Дудниковым в тот поздний час у ворот, слушала стихи, посвященные ей, и приглушенно смеялась. С ним, единственным, смущенным от влюбленности и поэтому милым, она на пасхе, после заутрени, целовалась. Курчавый, с точечками веснушек около носа, он нравился ей, пожалуй. И вот — поплатился… Как он сейчас?
Она все же не пошла в больницу, не написала Мите ободряющую записочку. «Зачем выходить из рамок благоразумия, компрометировать себя? — подумала она. — Пусть этот случай останется для моих знакомых романтической загадкой. Но кто этот неизвестный в гимназической фуражке?».
Наташа перебирала по пальцам всех своих явных поклонников. Кажется, ни один из них не решился бы на такое сильное проявление ревнивых чувств, достойное шекспировского мавра. А может быть, на Митю случайно напал какой-нибудь загулявший с Луковицкой, свято соблюдавший традиции своей улицы: «Чужакам волочиться за нашими девчонками воспрещается».
Она еще раз перечла строчки из хроники, вздохнула и заглянула на первую страницу «Вятской речи», где обычно помещались объявления зрелищных предприятий:
ПРОГРЕСС. Колосс сезона „ЗИГОМАР“.
«Зигомар! Что это такое? Зи-го-мар! Хм…»
ОДЕОН. „РАЗБИТЫЕ КРЫЛЬЯ“.
Потрясающие сцены из жизни спортсменов из мира современной авиации.
В цирке борется любимец галерки Гриша Кощеев! Приезжает знаменитый артист императорских театров Мамонт Дальский! „Разбитые крылья.
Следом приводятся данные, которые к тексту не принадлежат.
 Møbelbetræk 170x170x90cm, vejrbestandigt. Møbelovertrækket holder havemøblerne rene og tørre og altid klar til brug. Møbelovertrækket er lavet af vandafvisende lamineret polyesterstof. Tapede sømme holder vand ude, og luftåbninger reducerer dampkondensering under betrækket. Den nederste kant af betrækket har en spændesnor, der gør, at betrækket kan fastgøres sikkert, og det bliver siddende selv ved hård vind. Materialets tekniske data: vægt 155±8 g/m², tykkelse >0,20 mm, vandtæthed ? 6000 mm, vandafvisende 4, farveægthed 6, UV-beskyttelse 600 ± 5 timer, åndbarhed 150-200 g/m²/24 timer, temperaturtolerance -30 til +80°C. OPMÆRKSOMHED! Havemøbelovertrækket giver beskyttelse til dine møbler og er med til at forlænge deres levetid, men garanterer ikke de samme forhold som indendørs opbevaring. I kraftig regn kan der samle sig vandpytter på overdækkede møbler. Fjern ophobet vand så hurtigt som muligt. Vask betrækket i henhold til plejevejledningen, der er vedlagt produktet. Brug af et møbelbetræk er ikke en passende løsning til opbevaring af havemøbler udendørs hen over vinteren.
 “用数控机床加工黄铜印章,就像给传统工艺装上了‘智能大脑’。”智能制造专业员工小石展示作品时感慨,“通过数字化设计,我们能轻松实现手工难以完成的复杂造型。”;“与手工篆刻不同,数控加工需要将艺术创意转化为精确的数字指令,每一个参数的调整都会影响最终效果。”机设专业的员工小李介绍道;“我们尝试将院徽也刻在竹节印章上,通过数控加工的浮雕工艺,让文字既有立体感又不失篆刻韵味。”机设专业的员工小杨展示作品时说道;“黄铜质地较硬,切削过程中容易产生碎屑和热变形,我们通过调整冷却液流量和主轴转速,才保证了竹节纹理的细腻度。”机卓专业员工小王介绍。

Душа замирает“.
Наташа положила газету на отцовский стол и остановилась у зеркала. Карие глаза в сумерках тенистых ресниц. Нос чуточку задорный, симпатичный. Припухшие маленькие губы. Смуглые от загара щеки в легком румянце. Ничего… И розовый ситцевый сарафанчик идет ей.
Довольная собой, она закинула за плечо темный жгут косы и слегка потянулась.
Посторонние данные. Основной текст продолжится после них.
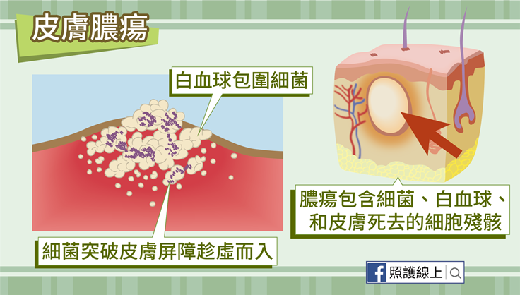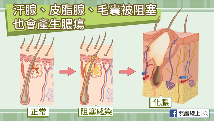 我們這裡說的皮膚膿瘍,就是一包膿積在皮膚下面,有時你會聽到老一輩的人用台語稱之為「金包銀」。會有一點像痘痘一樣,但是比較深,也比較大。這些皮膚膿瘍除了發生在皮膚傷口之外,原本的汗腺、皮脂腺、毛囊若被阻塞,或是原本就長了皮膚囊腫,細菌在裏頭孳生後,也會發生膿瘍。
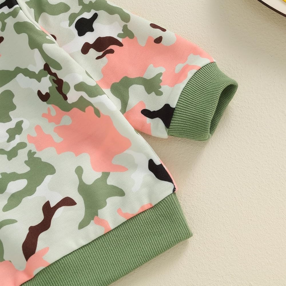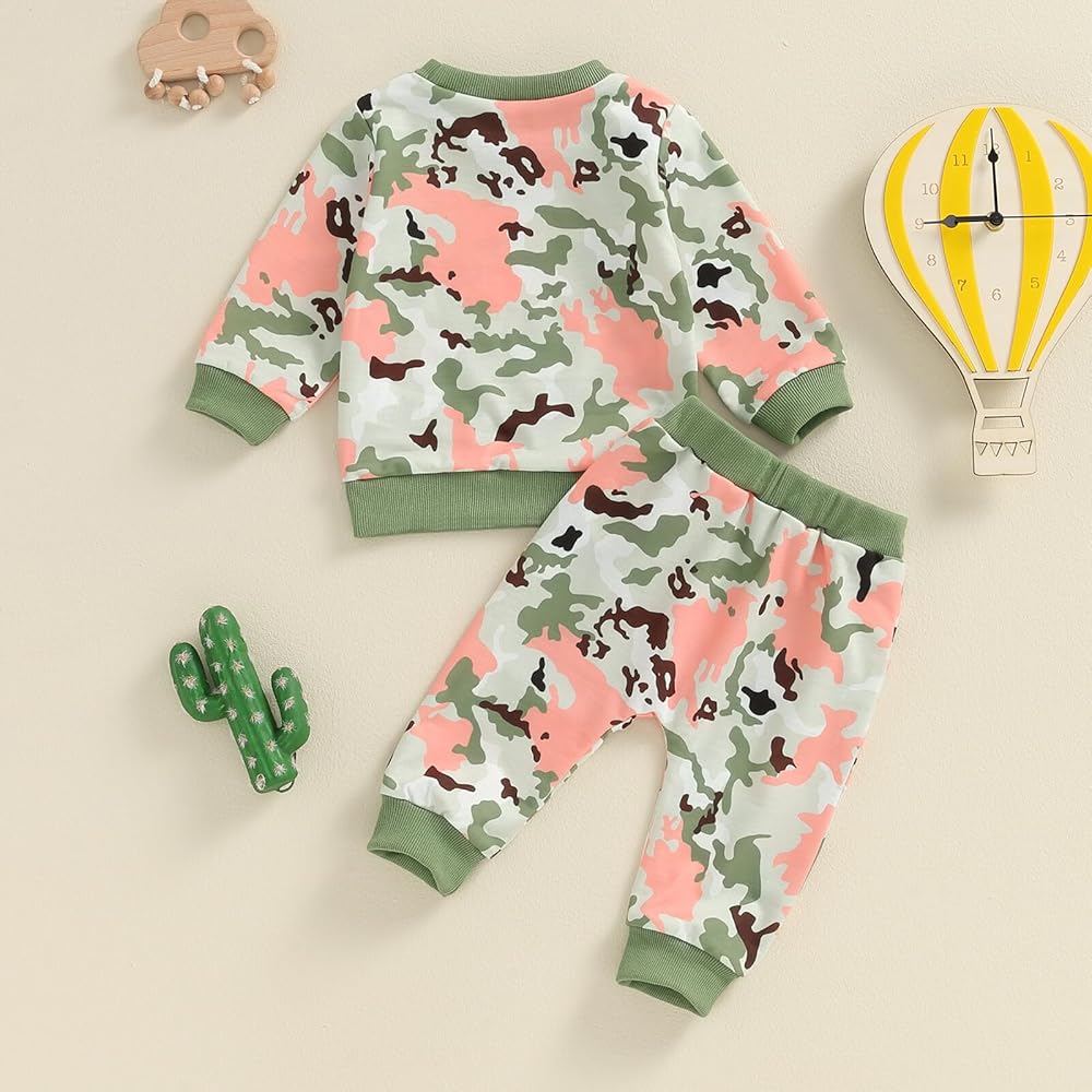 Kupretty Baby Girl Fall Winter Clothes Toddler Outfit Letters Graphic Crewneck Sweatshirts Camouflage Joggers Pants Set
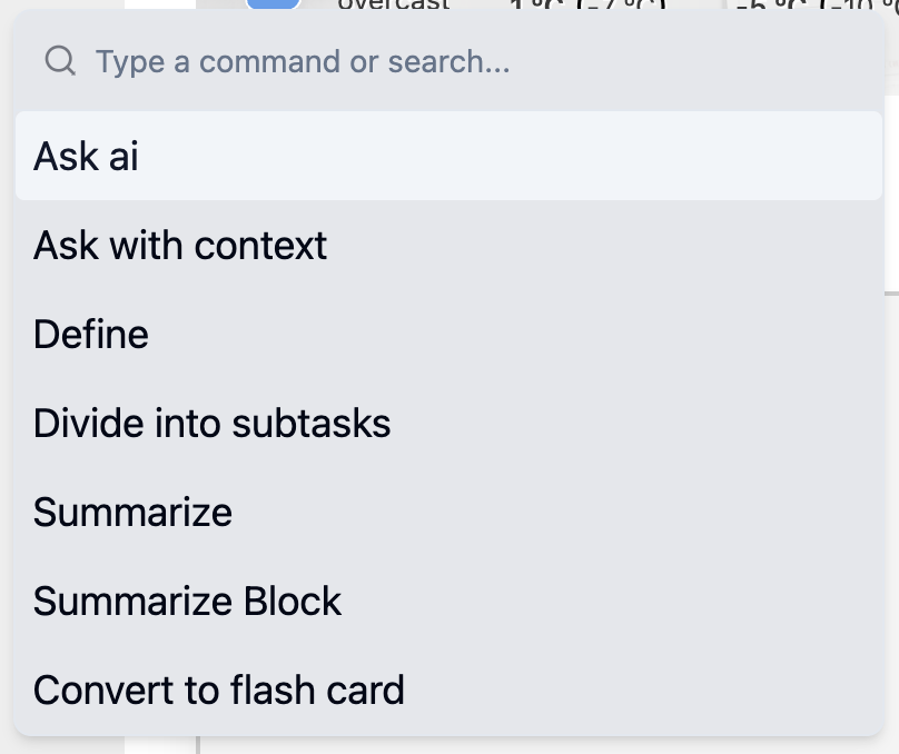 /ollama명령어 사용: Logseq에서/ollama명령어를 입력하면 Ollama를 쉽게 호출할 수 있습니다.
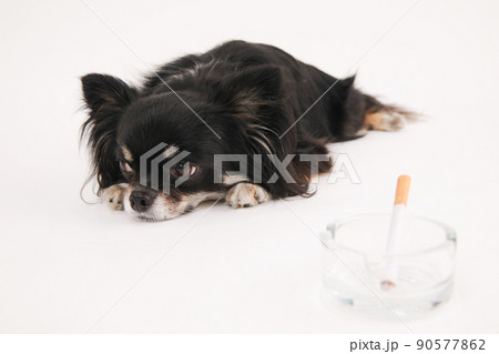 灰皿に入ったタバコの横でフセをするブラックタンのロングコートチワワ

Было золотое, пахнущее нагретыми заборами утро ранней весны. В открытое окно доносился с крыши сарая свист голубятника.
Колька Ганцырев уже знал, что о ночном происшествии напечатано. «Телеграфист он, пожалуй, не плохой парень. Не выдал. А то не миновать бы колонии. Пришлось бы спозаранок стучать молотком или визжать ножовкой, а по вечерам учиться у толстяка Бауэра, надув пузырями щеки, трубить на геликоне. К счастью, по милости Дудникова этого не случилось».
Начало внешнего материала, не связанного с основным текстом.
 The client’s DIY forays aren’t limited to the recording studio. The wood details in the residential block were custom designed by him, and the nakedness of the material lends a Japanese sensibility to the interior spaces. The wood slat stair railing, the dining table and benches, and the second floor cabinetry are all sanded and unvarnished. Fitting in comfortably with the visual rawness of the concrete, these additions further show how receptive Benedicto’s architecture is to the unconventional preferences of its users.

Колька с любопытством взглянул на свою фуражку с надломленным лаковым козырьком: «По виду лепешка лепешкой, а попала в знаменитости!»
Заняв у соседа-голубятника пятиалтынный, Колька после уроков решил навестить Дудникова. По пути забежал в кондитерскую Франжели и на всю серебрушку купил пирожных.
Посетителей в этот день к больным не пускали. Подавая в квадратное окошечко бумажный сверток, Колька впился глазами в дежурную сестру:
— Как он, Дудников?
— Поправляется. Ты не брат ему?
Колька замялся, хотел кивнуть и вдруг сразу выпалил:
— Ганцырев я! Колька! Передайте, пожалуйста. И чтобы быстрее поправлялся.
Неожиданная посылка, да еще от Ганцырева, удивила Митю. Не сразу развязались тесемочки, которые крест-накрест перехватывали сверток. Развернув бумагу, Митя расхохотался на всю палату.
«Вот черт, насмешка это или дар раскаявшегося разбойника? А вкусные тут штучки!».
Выбрав хрустящий слоеный пирожок, Митя остальное предложил соседям:
— Берите на здоровье. Закадычный дружок принес.
Весь вечер размышлял он над странным поведением Кольки. «Ударил чем-то тяжелым. Явно из-за Наташи. Почувствовал угрызения совести и преподнес лакомства, как маленькому».
Медленно тянулись однообразные дни. Наташа не напоминала о себе. Митины родные, жившие в уездном городке, о случившемся ничего не знали. Навестила его как-то лишь тетя Сима, рассыльная телеграфа, и та — по поручению сослуживцев.
Накануне выписки Митя попросил у сестры листок бумаги и карандаш. Захотелось письменно поблагодарить Ганцырева. Получились стихи.
Но случай столкнул лицом к лицу Митю с Колькой. Встретились на пожаре.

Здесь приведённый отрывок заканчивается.